A further contention of the bank is that the giving of notice was waived by the surety company. Upon receiving notice of the Carter suit with a copy of the declaration, the surety company acknowledged receipt thereof and asked to be kept advised of the progress of the case. In acknowledging later advices of the bank that judgment had been rendered against it and its motion for a new trial overruled, the surety company stated that it had examined the declaration and did not see anything "therein contained that would bring the matter within the scope of the bond so that should the litigation eventually result in the National City Bank having to liquidate a judgment, as we now view the matter, there would be no responsibility under our bond." It further stated that "it must be understood that we do not admit any liability, therefore, this, and any other correspondence that may ensue must be without *10 prejudice." Further correspondence followed. In 1926 the company wrote that it saw no reason to change its position as previously stated, and in 1927 that, even if liability under the bond existed, it "was relieved by reason of the failure of the bank to comply with the various terms and conditions of the bond."

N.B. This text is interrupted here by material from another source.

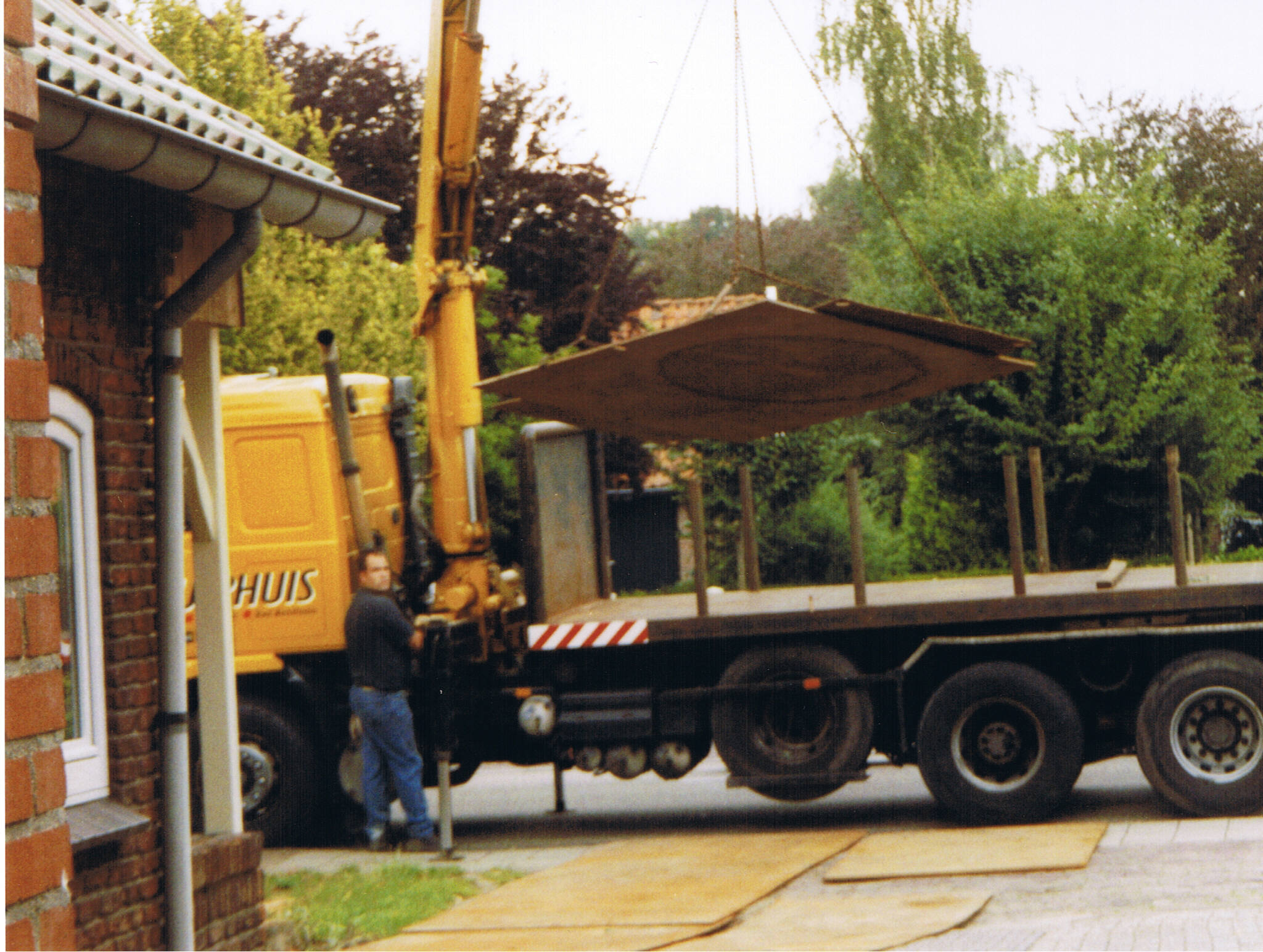 Hierna zijn we met de graafwerkzaamheden begonnen en hebben het zand met de spierings kraan over het huis afgevoerd in vrachtwagens. Nog speciaal dank voor Kuiphuis kraanverhuur uit Oldenzaal en Wiefferink loon en grondverzet uit Denekamp voor hun grote inzet en vakkundigheid
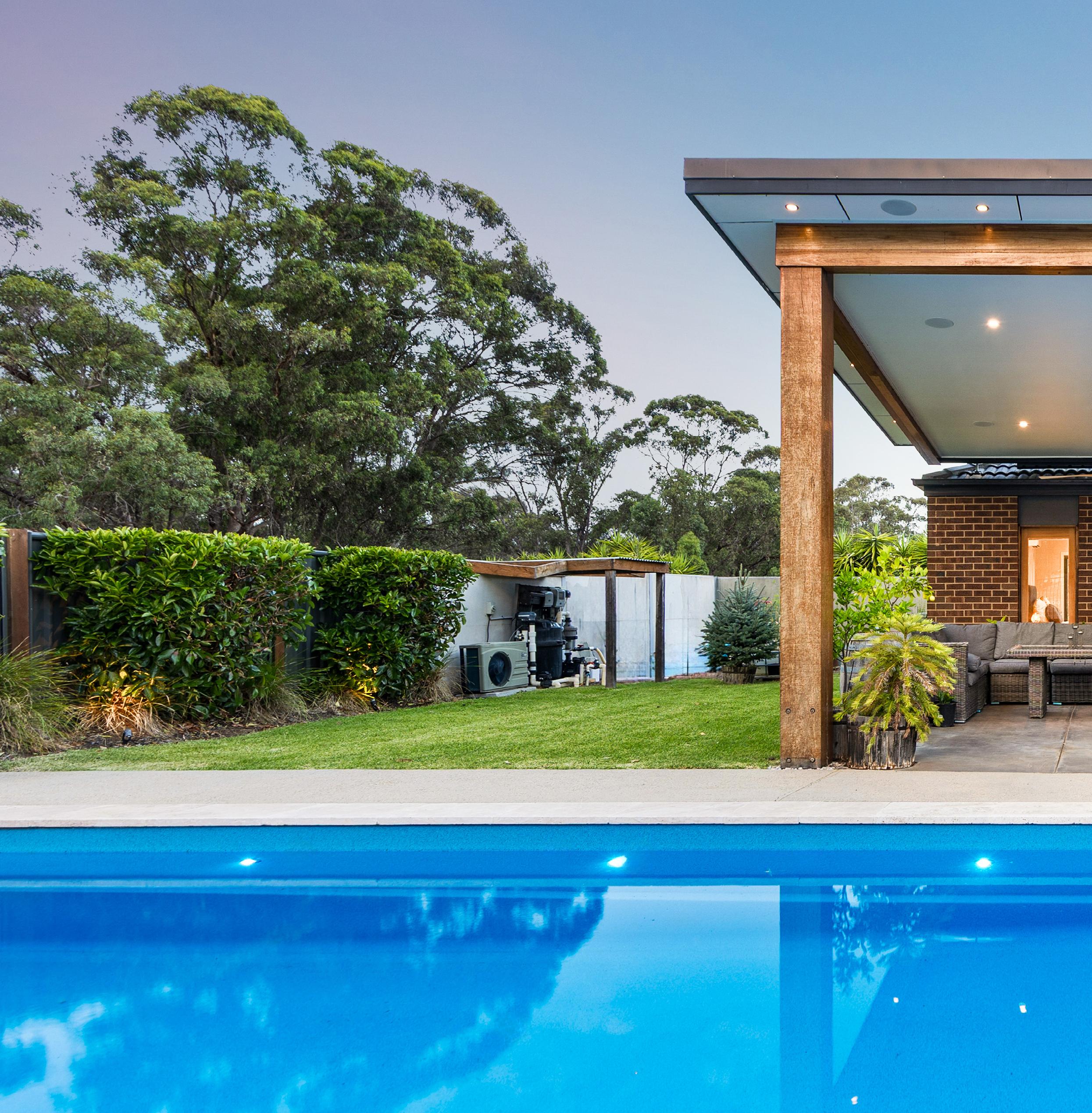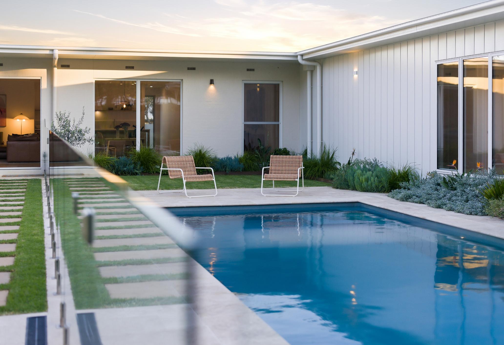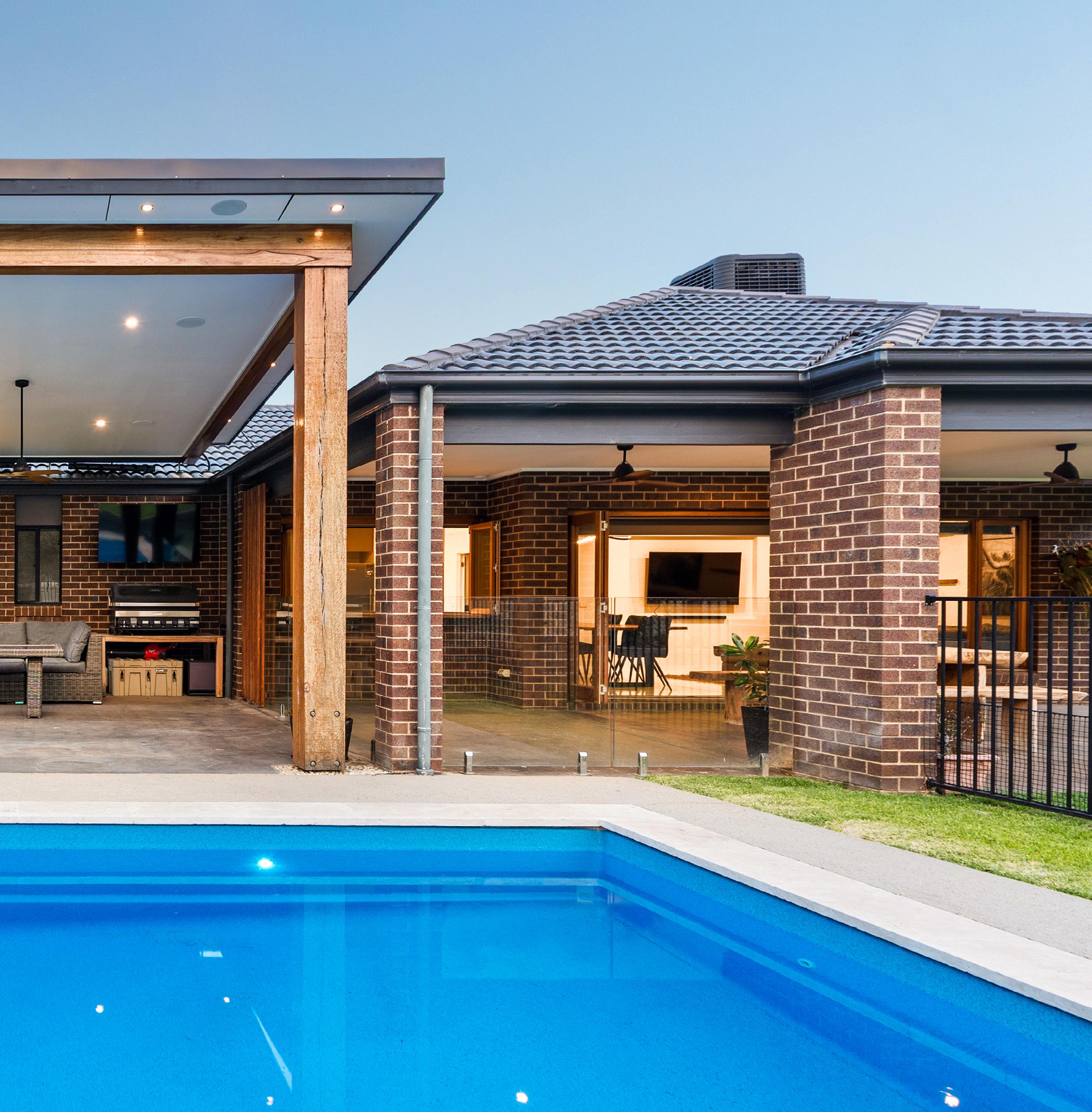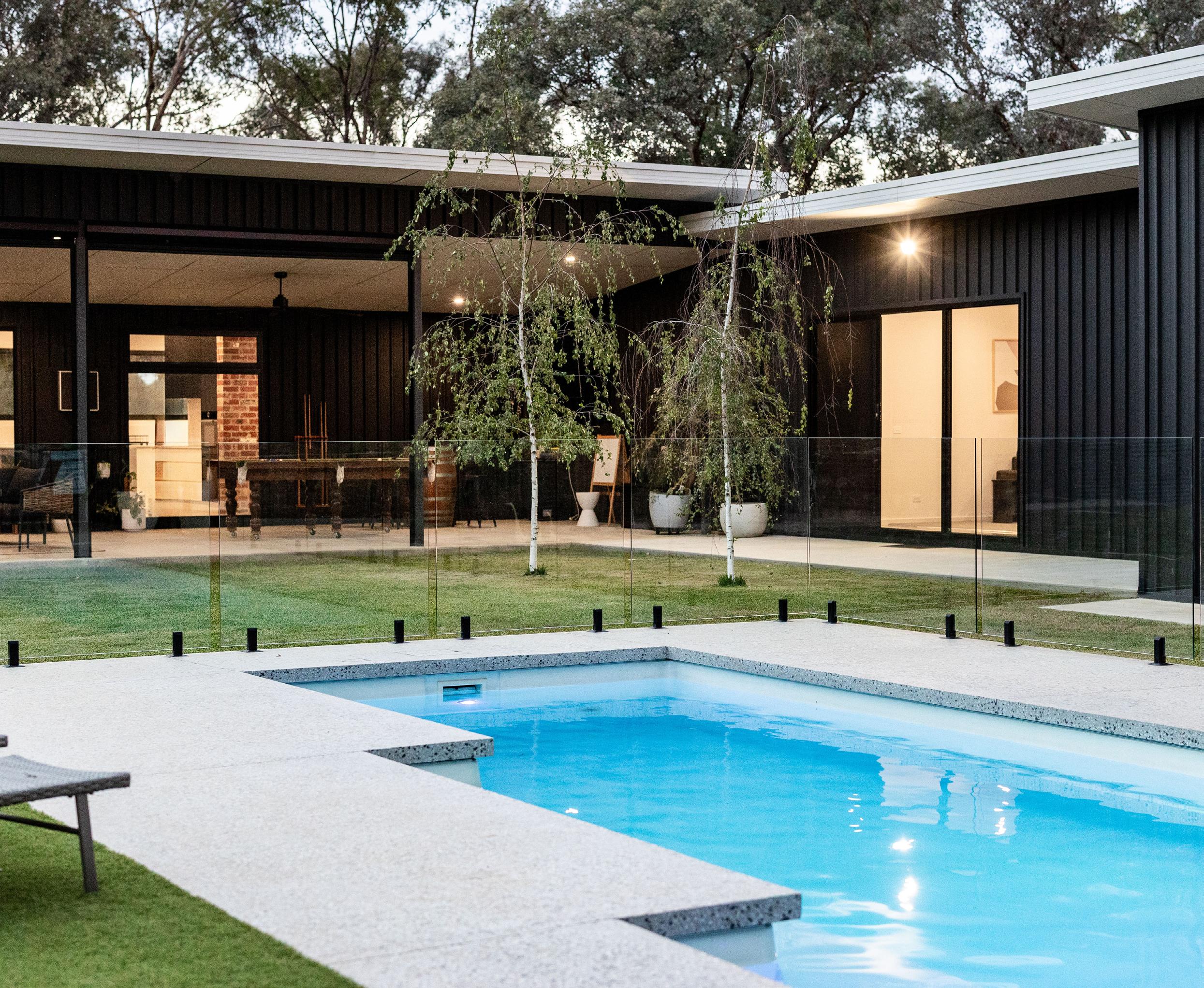 From the very beginning we knew we wanted the pool to be a central focal point. We love entertaining, so creating a large outdoor space where we could spend time with family and friends was really important to us. It has become one of our favourite areas of the home as a family. The kids love playing on the large grass area and spend hours in the pool during the warmer months. We’ve hosted many celebrations here, with kids swimming and playing

Although the surety company at first denied liability on the ground that the loss was not within the scope of the bond, in the same letter it said: "We do not admit any liability" and "this, and any other correspondence that may ensue must be without prejudice." It was said by this court in Reynolds v. Detroit Fidelity & Surety Co., 19 F.(2d) 110, 113, that, "in the absence of conduct creating an estoppel, a waiver must be supported by an agreement founded upon a valuable consideration. There can be no waiver unless so intended by one party and so understood by the other, but when a party has so acted as to mislead the other he is estopped thereby." There is nothing in the evidence in the present case to show that the surety company ever admitted liability or ever agreed at any time, for or without a consideration, to waive the notice required by the bond. Nor is there evidence of any act committed by it that operates to estop it from taking advantage in this proceeding of the default of notice. That default had already occurred when it was advised of the loss. Nothing that it did or failed to do at that time or later misled the bank or placed it in a position different from that which it originally occupied. Had the surety company denied liability for lack of earlier notice when its attention was first called to the Carter claim, the bank could have done nothing that it did not do to avoid the effect of its default. In this situation there can be no estoppel. Travelers' Ins. Co. v. Nax, and Callen v. Massachusetts Protective Ass'n, supra. The case is unlike Continental Ins. Co. v. Fortner, 25 F. (2d) 398 (6 C. C. A.), where the insurance company denied liability before the expiration of the sixty-day period for filing proofs of loss. In that case it was held that the company was estopped from relying on the failure to file proofs of loss having by its own act induced plaintiff not to file them within the necessary time. Knickerbocker Life Ins. Co. v. Pendleton, 112 U.S. 696, 5 S. Ct. 314, 28 L. Ed. 866, and Royal Ins. Co. v. Martin, 192 U.S. 149, 24 S. Ct. 247, 48 L. Ed. 385, are to the same effect.
The judgment is affirmed.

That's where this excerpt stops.